In the US, the Biologics Price Competition and Innovation Act (BPCI Act, 2009) provided the pathway to create an abbreviated licensure procedure for biologic products that are demonstrated to be biosimilar to or interchangeable with a Food and Drug Administration (FDA) licensed biologic product. In February 2012, the FDA issued three guidelines that list the requirements for biosimilar registration. The topics covered include scientific and quality considerations to demonstrate biosimilarity to a reference product and a guidance that clarifies the BPCI Act implementation. The sponsor application for the biosimilar approval must contain biosimilarity information based on data derived from analytical, animal, and clinical studies.
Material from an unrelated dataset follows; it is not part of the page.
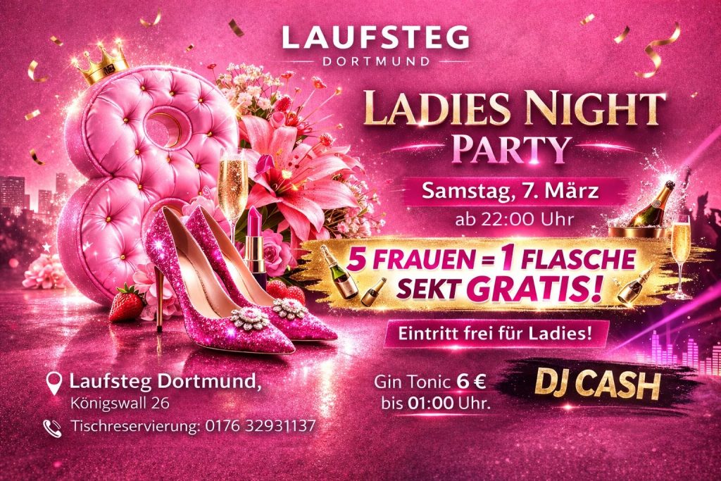 Anlässlich des Internationalen Frauentags am 8. März veranstaltet das Laufsteg Dortmund eine exklusive Ladies Night als stilvolle Vorfeier. Am Samstag, den 7. März, ab 22:00 Uhr erwartet Sie ein Abend in anspruchsvollem Ambiente mit besonderen Highlights.

Clinical studies should include an assessment of immunogenicity, pharmacokinetics, pharmacodynamics, and address one or more indications licensed for the reference product. To demonstrate biosimilarity the applicant is allowed to use comparative animal or clinical data with a non-US-licensed product. According to these guidelines, the FDA will consider different aspects when evaluating biosimilarity, such as product formulation, complexity, and stability which will have a risk-based approach and will depend on the degree of knowledge of the product characteristics, as well as clinical experience with the reference one. The FDA intends to use a risk-based and facts-focused approach for review of applications of biosimilars, although it faces several challenges. Once a biologic medicine has been demonstrated to be biosimilar to the reference product, an abridged development program for the biosimilar medicine can be carried out in a similar way to that established by the European Medicines Agency (EMA). In addition, FDA legislation goes a step further than the EMA, offering the possibility to adopt full interchangeability for biosimilars.